In 120 patients with hypertrophic cardiomyopathy (most of them refractory or intolerant to propranolol) who received therapy with verapamil at doses up to 720 mg/day, a variety of serious adverse effects were seen Three patients died in pulmonary edema; all had severe left ventricular outflow obstruction and a past history of left ventricular dysfunction. Eight other patients had pulmonary edema and/or severe hypotension; abnormally high (greater than 20 mmHg) pulmonary wedge pressure and a marked left ventricular outflow obstruction were present in most of these patients Sinus bradycardia occurred in 11% of the patients, second-degree AV block in 4%, and sinus arrest in 2%. The combination of sustained-release verapamil and beta-adrenergic blocking agents has not been studied However, there have been reports of excessive bradycardia and AV block, including complete heart block, when the combination has been used for the treatment of hypertension. In patients with hypertrophic cardiomyopathy (IHSS), alpha-adrenergic agents (phenylephrine HCl, metaraminol bitartrate, or methoxamine HCl) should be used to maintain blood pressure, and isoproterenol and norepinephrine should be avoided

The treatment options for Hypertrophic Cardiomyopathy (HCM) and associated complications include:

• Verapamil: may be used to treat HCM, but with caution and close monitoring due to the risk of adverse effects such as pulmonary edema, hypotension, and AV block.
• Alpha-adrenergic agents: such as phenylephrine, metaraminol, or methoxamine, may be used to maintain blood pressure in patients with HCM.
• Avoidance of certain medications: such as beta-adrenergic blockers, isoproterenol, and norepinephrine, which may exacerbate HCM.
• Close monitoring: of patients with HCM, including monitoring of blood pressure, cardiac function, and potential adverse effects of medications 2.

From the Research

Treatment Options for Hypertrophic Cardiomyopathy (HCM)

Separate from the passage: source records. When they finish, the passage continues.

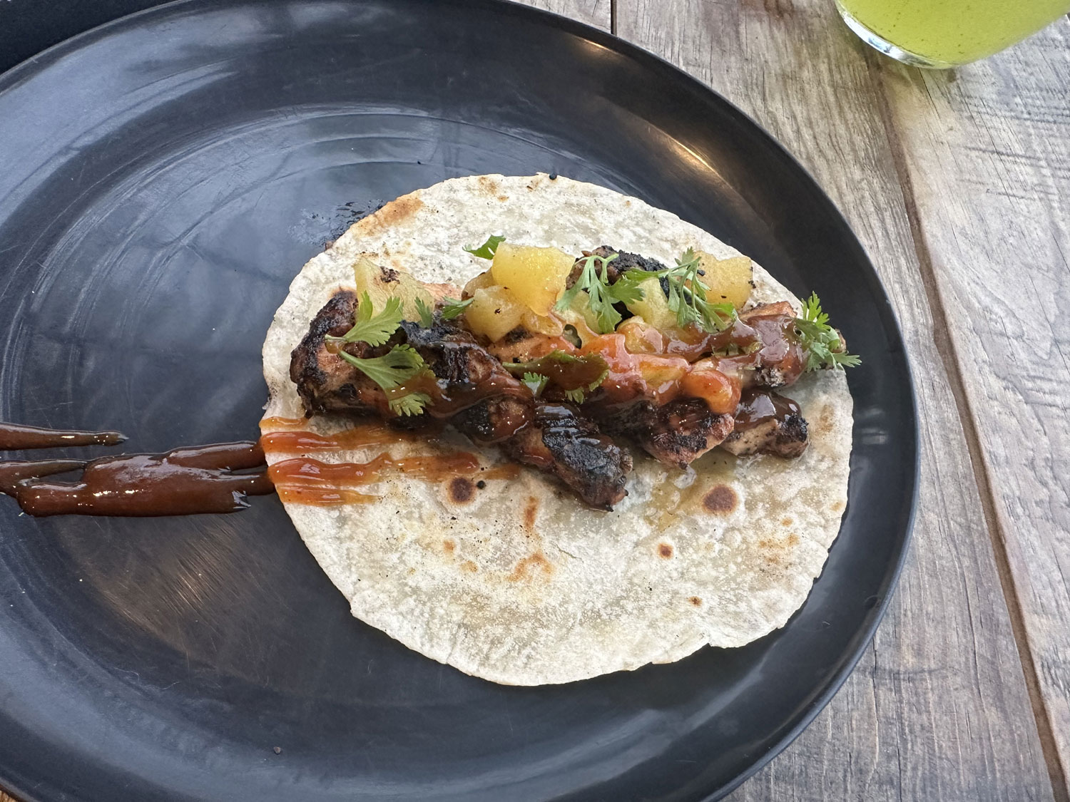 For our dinner, Beth went for shrimp – a shrimp empanada and the battered shrimp taco. I selected the tuna tostada and a BBQ chicken taco. Everything was clearly made at the restaurant. Beth was very impressed with her two shrimp dishes, saying they had great flavor. The tuna tostada amazed me. It was two square tostadas piled high with tuna, pineapple, avocado, and small seeds. It was delicious and a good-sized portion. The BBQ chicken was also very good with lots of chicken in a tasty BBQ sauce with fruit and tomato and greens to add to the flavor.
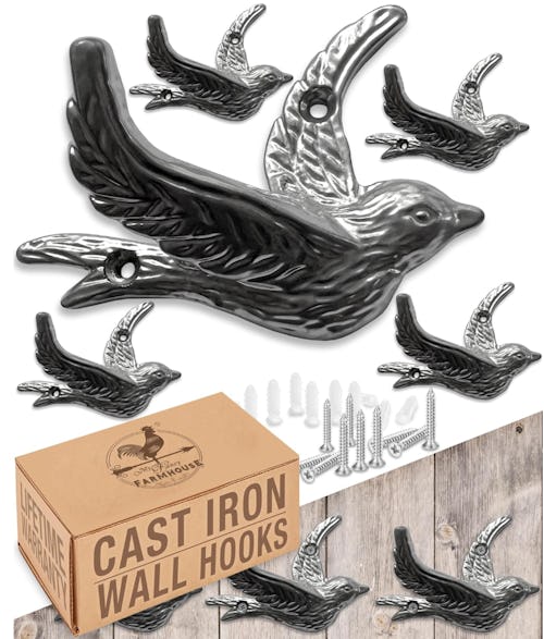 Bird-shaped cast iron wall hooks that are both practical & decorative
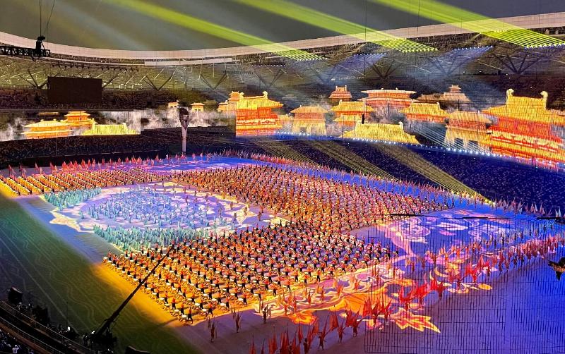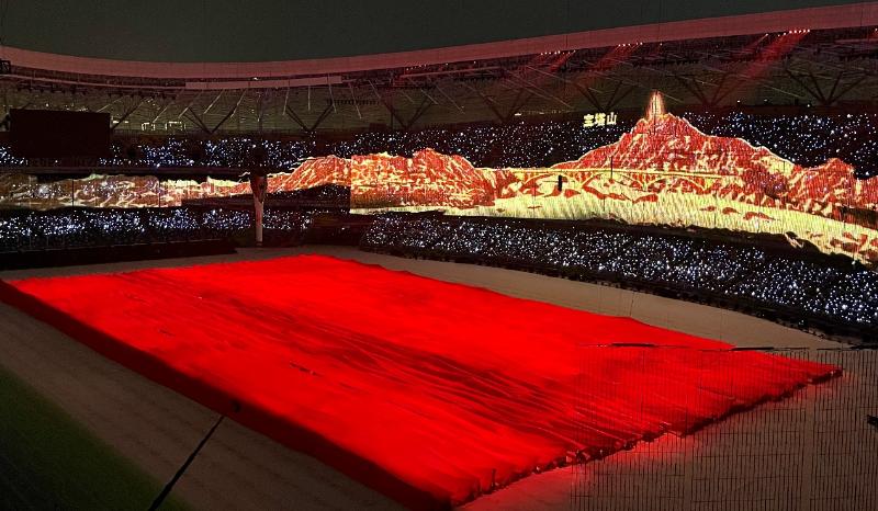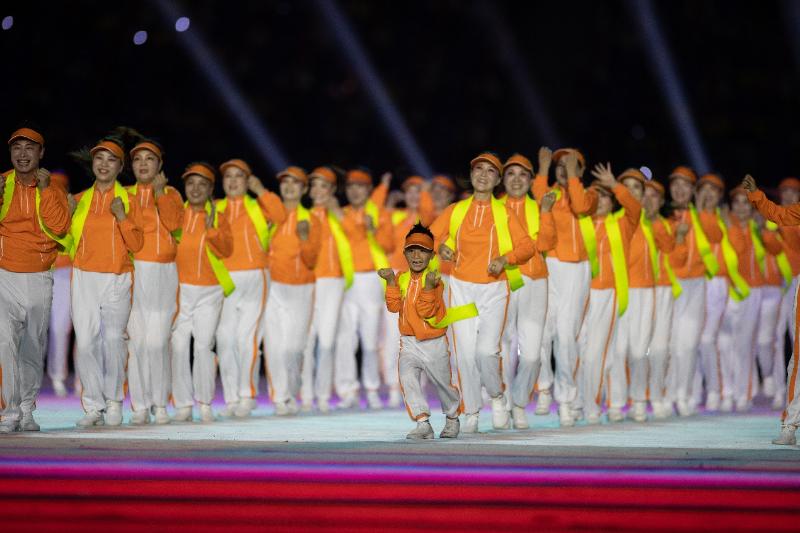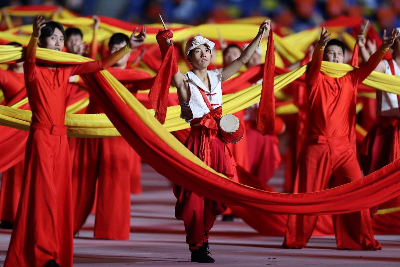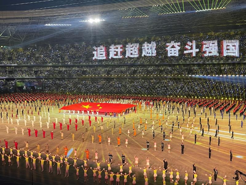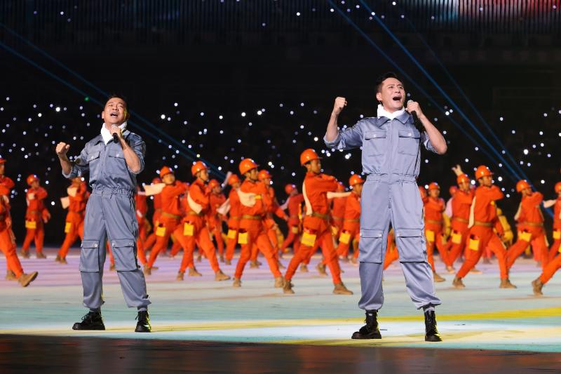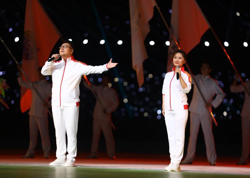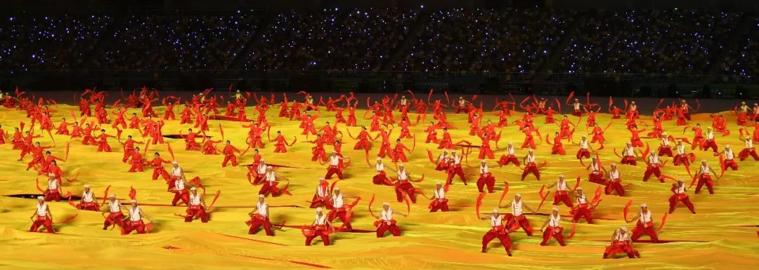 在陕西籍著名歌手周澎、郝萌演唱本届全运会会歌《追着未来出发》后,全运会开幕式正式进入《奋斗新时代 奋进新征程》文体展演环节。
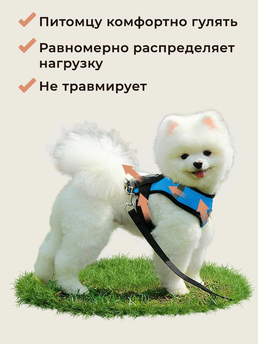 Отзывы на Шлейка MiloPets для собак и кошек анатомическая, с поводком 120 см, обхват груди M 35-48 см, голубой
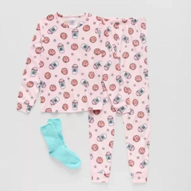 Dream Big Peace Out Little & Kid Girls Velour Crew Neck Long Sleeve 3-pc. Pajama Sets
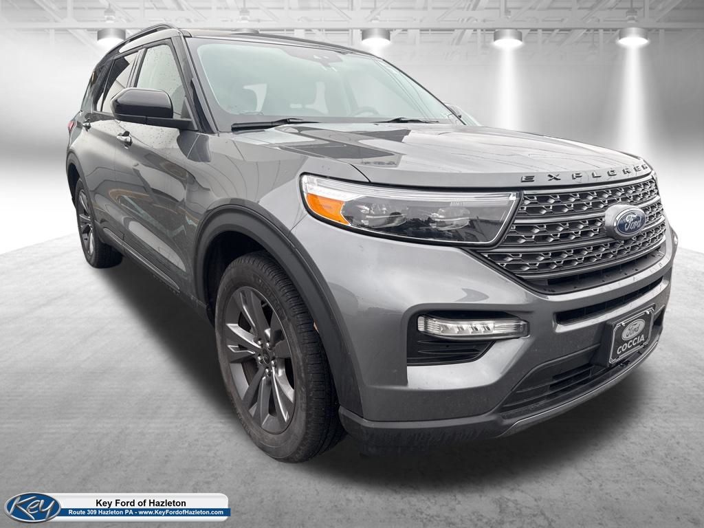 KEY FORD OF HAZLETON is proud to present you with another True Market Priced Pre-Owned Vehicle. Transparent Pricing Of $ 34499 !! This 2023 Ford Explorer XLT Ford Blue Advantage: Blue Certified is loaded with the following Factory Options: 4WD Class IV Trailer Tow Package, Equipment Group 202A (Acoustic-Laminated Front Side Windows, Heated ActiveX Captain's Chairs, Heated Steering Wheel, LED Fog Lamps, Remote Start System, and SecuriCode Keyless Entry Keypad), XLT Sport Appearance Package (Dual Chrome Exhaust Tips and Wheels: 20" 10-Spoke Carbonized Gray-Painted), Ford Blue Advantage: Blue Certified Certified, 4WD, 3.58 Non-Limited-Slip Rear Axle Ratio, 3rd row seats: bench, 4-Wheel Disc Brakes, 4G LTE Wi-Fi Hotspot Credit, 6 Speakers, ABS brakes, Air Conditioning, Alloy wheels, AM/FM radio: SiriusXM, AM/FM Stereo, Auto High-beam Headlights, Automatic temperature control, Brake assist, Bumpers: body-color, Compass, Delay-off headlights, Driver door bin, Driver vanity mirror, Dual front impact airbags, Dual front side impact airbags, Electronic Stability Control, Emergency communication system: SYNC 3 911 Assist, Exterior Parking Camera Rear, FordPass Connect, Four wheel independent suspension, Front & Second Row Floor Liners (16B), Front anti-roll bar, Front Bucket Seats, Front Center Armrest, Front dual zone A/C, Front reading lights, Fully automatic headlights, Heated door mirrors, Heated front seats, Heated Unique Cloth Captain's Chairs, Illuminated entry, Knee airbag, Leather steering wheel, Low tire pressure warning, Occupant sensing airbag, Outside temperature display, Overhead airbag, Overhead console, Panic alarm, Passenger door bin, Passenger vanity mirror, Power door mirrors, Power driver seat, Power Liftgate, Power passenger seat, Power steering, Power windows, Rear air conditioning, Rear anti-roll bar, Rear reading lights, Rear window defroster, Rear window wiper, Remote keyless entry, Roof rack: rails only, Security system, Speed control, Speed-sensing steering, Speed-Sensitive Wipers, Split folding rear seat, Spoiler, Steering wheel mounted audio controls, SYNC 3 Communications & Entertainment System, SYNC 3/Apple CarPlay/Android Auto, Tachometer, Telescoping steering wheel, Tilt steering wheel, Traction control, Trip computer, Variably intermittent wipers, and Wheels: 18" 5-Spoke Silver-Painted Aluminum!!
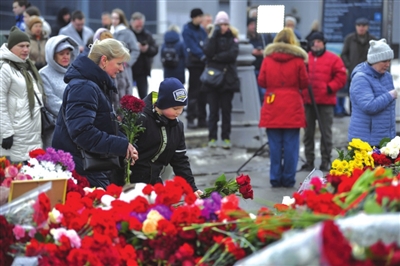 新华社电 24日是俄罗斯全国哀悼日,莫斯科阴雨绵绵,大量民众冒雨前往莫斯科近郊“克罗库斯城”音乐厅,悼念恐袭遇难者。
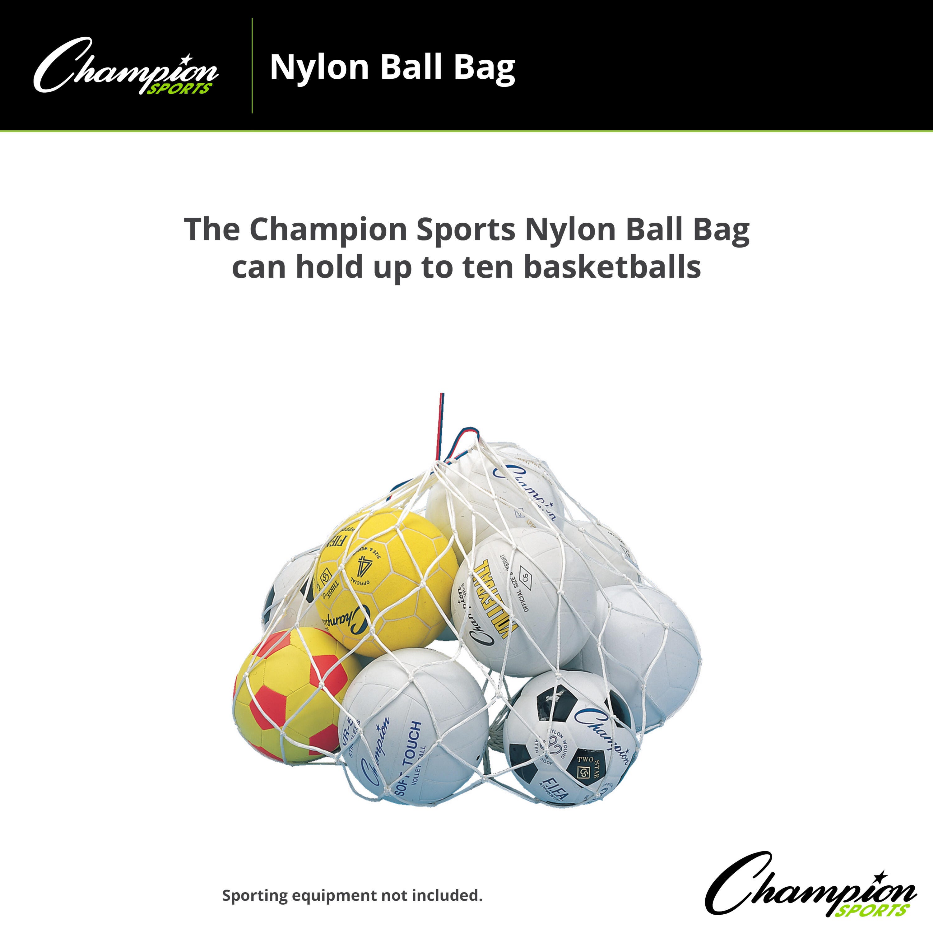 The Champion Sports Mesh Ball Bag is a heavy-duty storage solution designed for schools, gyms, and recreational centers. Constructed from premium 4-inch square mesh, this durable nylon bag provides excellent ventilation for wet or dusty equipment. Featuring a secure drawstring closure and measuring 24 x 36 inches, it offers ample space to store and transport up to ten full-sized basketballs.
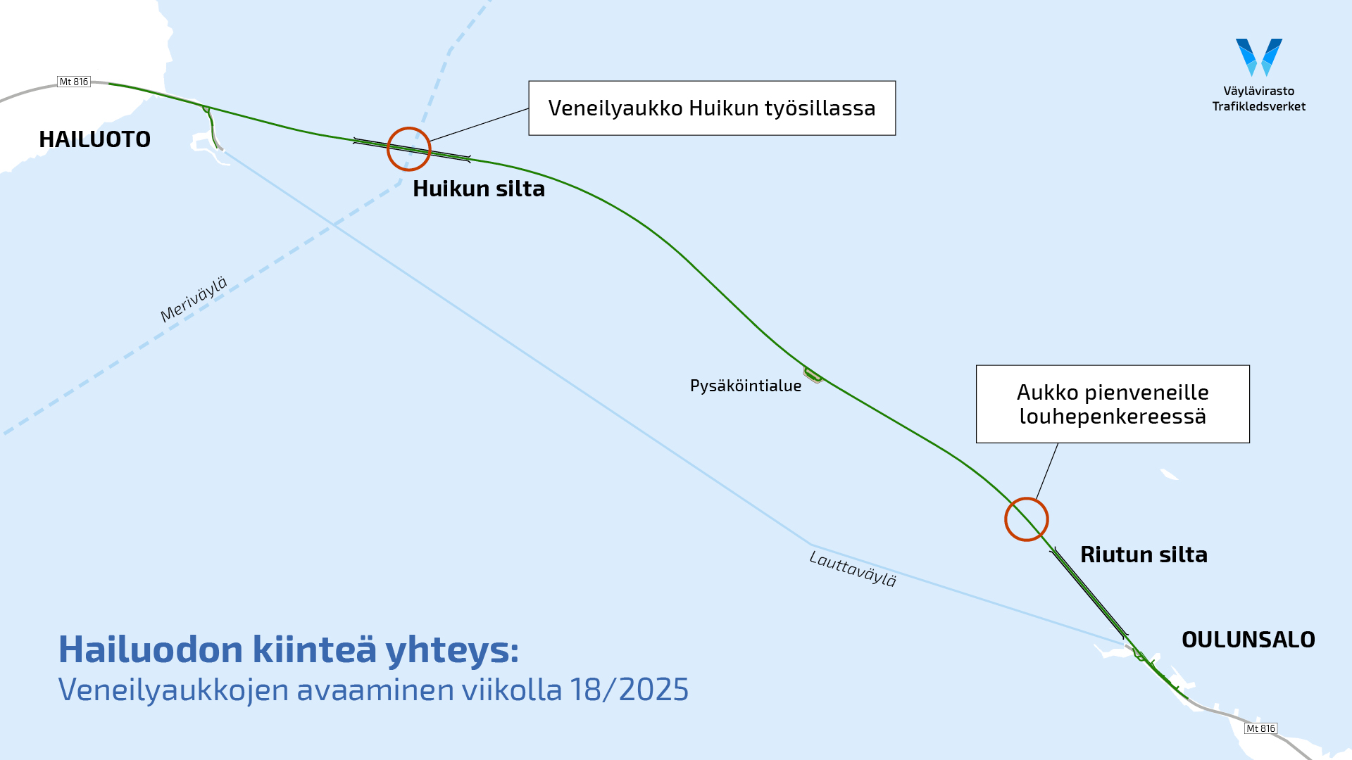 Hailuotoon rakennetaan nykyisen lauttayhteyden korvaava kiinteä maantieyhteys Oulun Riutunkarin ja Hailuodon Huikun välille. Noin 8,4 km pitkä kiinteä yhteys sisältää pengertieosuuden ja Huikun ja Riutun pitkät sillat. Kiinteällä yhteydellä parannetaan Hailuodon valtakunnallista ja seudullista saavutettavuutta. Yhteys mahdollistaa entistä sujuvammat yhteydet Hailuotoon suuntautuvalle henkilö- ja tavaraliikenteelle sekä paikalliselle elinkeinotoiminnalle ja laajentaa Hailuodon työssäkäyntialuetta. Yhteyden rakentaminen vie kokonaisuudessaan noin kaksi ja puoli vuotta. Tavoitteena on, että Hailuodon kiinteä yhteys on käytössä loppuvuodesta 2026.
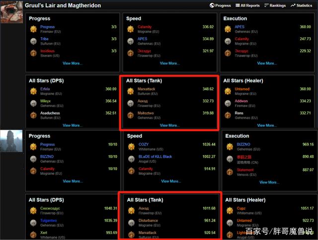 在WCL的TBC版本数据中可以非常清楚的看到,无论是格鲁尔和玛瑟里顿这种25人大型团本,还是卡拉赞这种10人的小型团本,在坦克职业一栏中排名前三的都是防战。
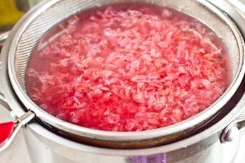 Agregue agua, azúcar al puré de viburnum, hierva. Después de un par de minutos, retire la sartén del fuego y deje que la bebida se filtre debajo de la tapa hasta que se enfríe.
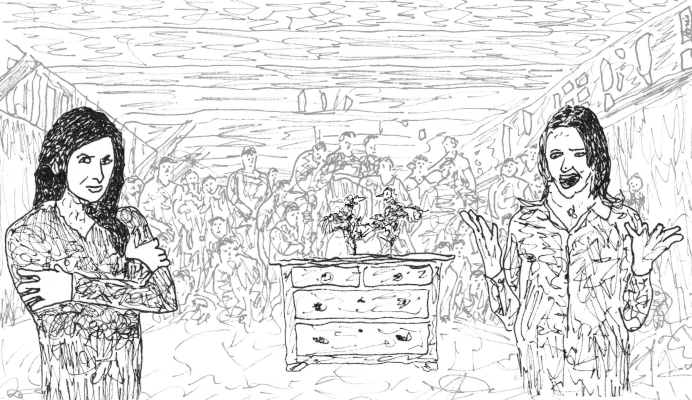 Day 16 Helmut: Manon!! The bread has arrived! What the...? Augustin and Maxime, what's that you're carrying around with you? A bathtub? |
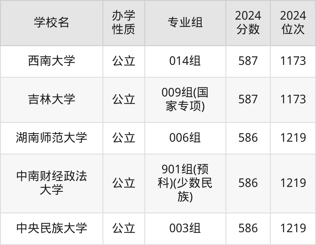 | 湖南大学 | 902组(预 科)(少数民 族) | 589 | 6950 |
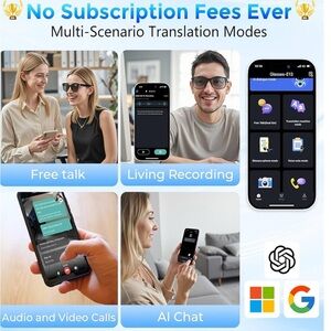 Comes with durable packaging to safeguard the glasses during shipping and storage, including 1 pair of smart glasses, 1 app manual and code, 1 glasses 1 charging cable, 1 instruction manual,
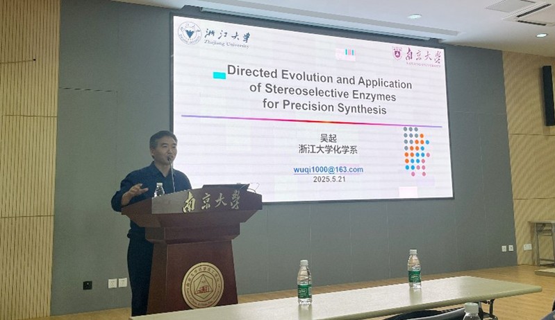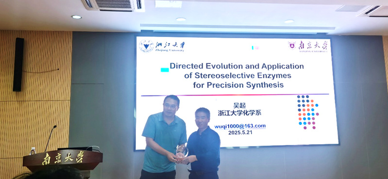 2025年5月21日下午,浙江大学吴起教授应邀作为太阳集团tcy8722“名师讲坛”嘉宾,为公司师生作了题为“酶的定向进化与手性催化”的精彩报告。报告由太阳集团tcy8722副经理史壮志教授主持。史壮志教授介绍了吴起教授的简历和成就,并向吴起教授颁发了“名师讲坛”纪念铭牌。公司多位教师、员工参加了此次学术报告会。
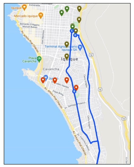 We chose the International Airport of Iquique Diego Aracena (IQQ), as the central distribution center (depot) where the most humanitarian aid would arrive in a disaster (starting and ending point for vehicles). Note that this airport is located around 40 km from Iquique’s downtown.
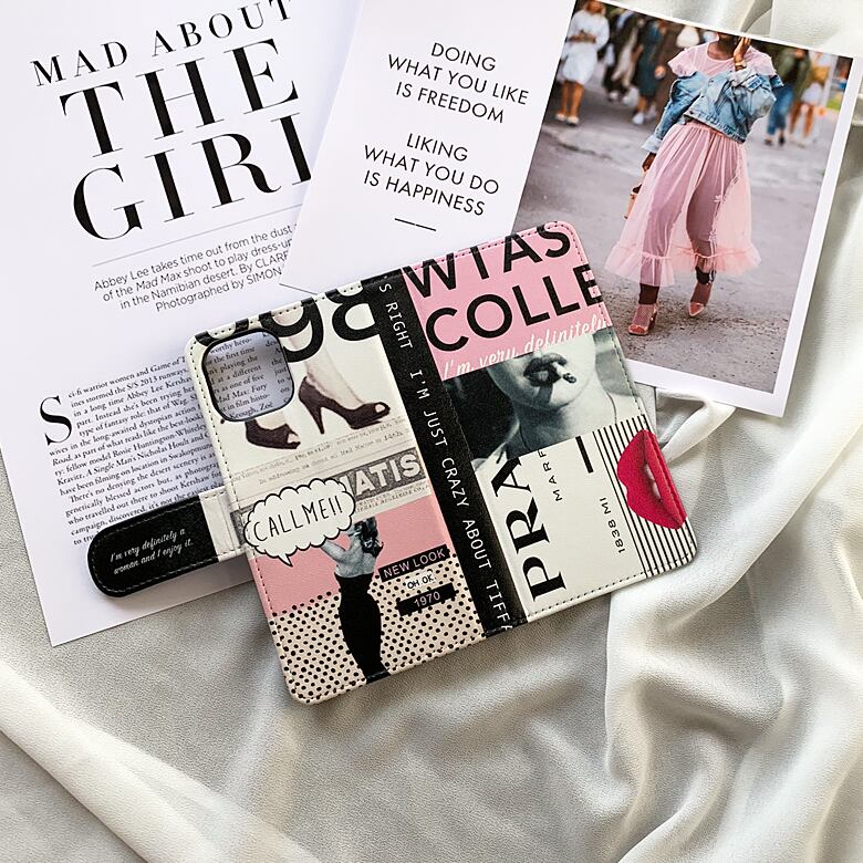 【選べる2TYPE】手帳型ケース コラージュ柄スマホケース[iPhoneケース][EHEN]

• Medical management is the primary treatment approach for HCM, aiming to reduce symptoms and prevent sudden cardiac death (SCD) 3, 4.
• Pharmacologic treatment of symptoms in patients with HOCM consists of negative inotropic drugs, such as beta blockers and disopyramide, as well as nondihydropyridine calcium channel blockers (CCBs) like verapamil 3, 5.
• For patients with high left ventricular outflow tract (LVOT) gradients, treatment options include nonvasodilating beta-blockers or non-dihydropyridine-type CCBs, with mavacamten, a myosin inhibitor, being a newer option 5.
• Septal reduction therapies, including surgical septal myectomy and alcohol septal ablation, can be considered for patients with severe symptoms unresponsive to medical therapy 3, 6.

Septal Reduction Therapies

• Surgical septal myectomy is a highly effective treatment with a >90% relief of obstruction and improvement in symptoms, but it is typically offered to younger patients with extreme hypertrophy 6.
• Alcohol septal ablation is a less invasive treatment with comparable hemodynamic and clinical results to septal myectomy, but its effectiveness depends on the septal perforator artery supplying the area of contact between the hypertrophied septum and the anterior leaflet of the mitral valve 6.
• The choice between septal myectomy and alcohol septal ablation depends on patient preference, operator experience, and institutional availability 3, 6.

Management of Complications

• Patients with HCM are at risk of developing atrial fibrillation, malignant arrhythmias, and mitral valve insufficiency, which require careful management 5.
• Implantable cardioverter-defibrillators (ICDs) are recommended for patients at high risk of SCD 3.
• Regular screening of relatives is essential for early detection and treatment of HCM 3.